But in the small hamlet of West Newbury, near the last stop on the commuter railway out of Boston, the realignment of the American Church is already under way as Episcopalians vote with their feet.
Nancy Hansford, a registered nurse, worshipped with her husband and four children until recently at St John’s Episcopal Church in Portsmouth, Massachusetts. But when the parish backed the appointment of an openly gay man as the diocese’s bishop, she felt it had betrayed the faith.
“When this all came about, we were pretty much rocked. We had some meetings with people. We tried to discuss and pray about it. But it was not working out for us,” she said. “We felt we were in a place that was not following scriptural teachings any more.
“Our 11-year-old was sitting in a lot of services where homosexuality was openly discussed. We do not shy away from teaching him things, but he is a little on the young end to have to know all the details of people’s lifestyles.” Joel Hansford, a doctor, met Mr Murdoch at a meeting of church conservatives and his family decided to change to his church. Mrs Hansford said: “When we found other churches like All Saints, we felt we were coming home, because people were aware of our situation and they were praying for us. We felt like lost sheep.

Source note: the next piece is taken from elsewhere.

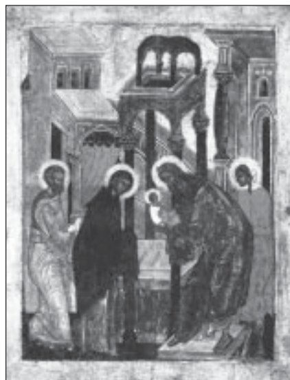
Сретение Господне. Псков. Икона XI в.

15 февраля — двенадцатый праздник Сретение Господа нашего Иисуса Христа.
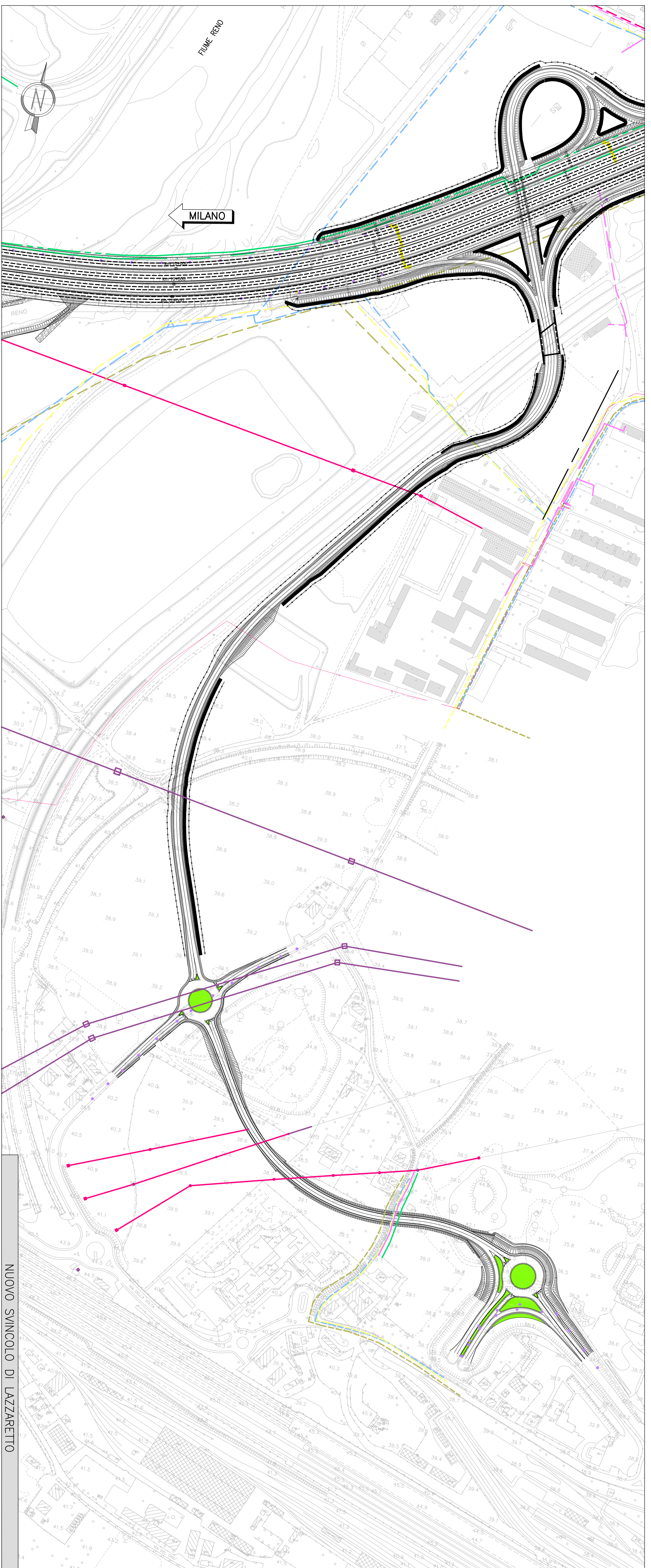
NUOVO SINCOLO DI LAZZARETTO

“Moving to a new parish further from home has been a wrenching change in some respects. The children still do not understand why they no longer see their friends at St John’s. But there has been no acrimony.

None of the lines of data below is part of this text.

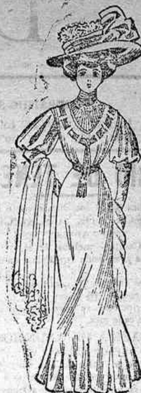
Traje para «sport».—De percalina gris perla. Cuerpo y falda de una pieza. El primero forma blusa, con descote y cuello de seda rayada, y adornos de pasamanería alrededor del cuello y descote, con caída en el delantero. Manga ancha y corta con respunte en el puño. Cinturón de seda. Falda señida con pliegues en el bajo.

que el cuerpo, colocado aquél como se ve en el modelo.
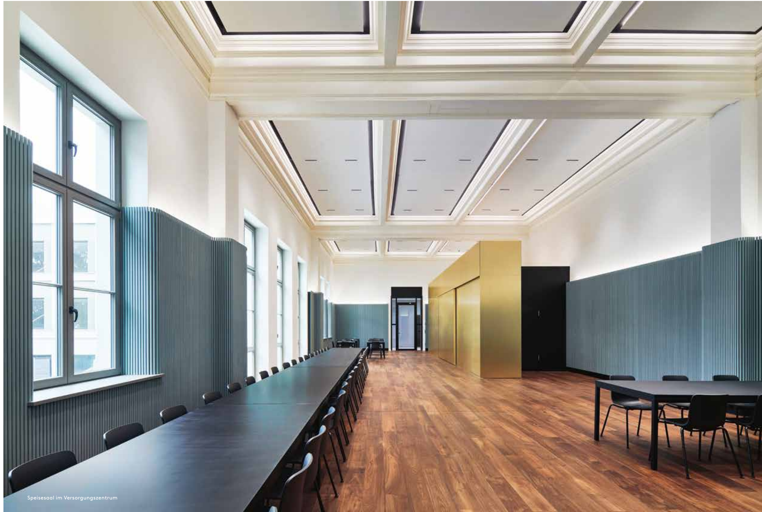
Speisesaal im Versorgungszentrum
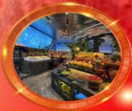
มือพิเศษ บุฟเฟต์นานาชาติ

“We have not had any bitterness. I have been amazed,” Mrs Hansford said. “When my husband was hanging tough at our old church, people’s mouths dropped because he was the only one who stood up. But afterwards, people who were for the consecration came up and hugged us. Then other people came up and said, ‘Thank you for saying what you did because we were too afraid to say it’.”

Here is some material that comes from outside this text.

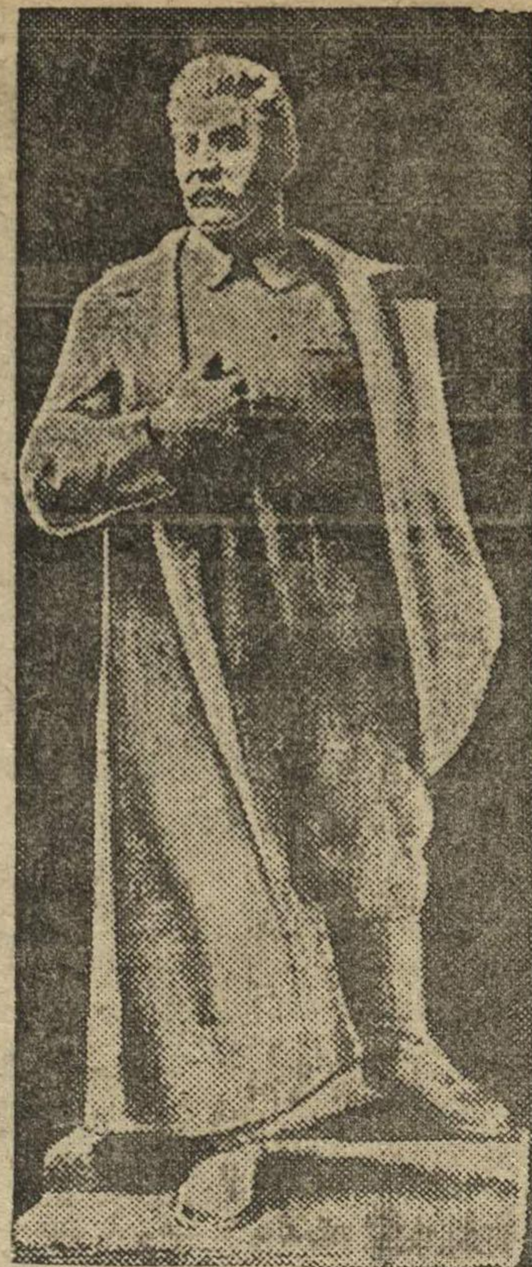
СТАЛИН. Скульптура С. Меркурова

Октябрьский переворот — ярчайшее событие в истории человечества. И пусть вся наша молодежь знает, как большевики в исторический день седьмого ноября 1917 года с оружием в руках завоевали счастье миллионов

Mr Murdoch, who leads a thriving parish, proudly describes All Saints as evangelical, charismatic and Anglo-Catholic and criticises the Episcopal Church leadership for capitulating to contemporary American culture at the cost of traditional Anglican teaching. But he says the upheaval is causing “heartbreak” among parishioners on both sides of the theological divide.
“People go to a church for decades. They have families that are members of a parish for generations. The values of that parish shape their lives,” he said.
“All of a sudden, the commitments and lifestyle have changed without them being listened to. It’s out of this that the sense of brokenheartedness comes.”
All Saints now faces an uncertain future as it decides how to handle its relationship with the national Episcopal Church, although it insists that it will remain within the Anglican communion. Already, parishioners are complaining about any collection money going to the national Church.
The parish is still in good standing with the bishops of Massachusetts, who voted for Bishop Robinson’s ordination. But the church premises and part of the rector’s home are owned by the diocese and could be lost if the parish splits from the national Church.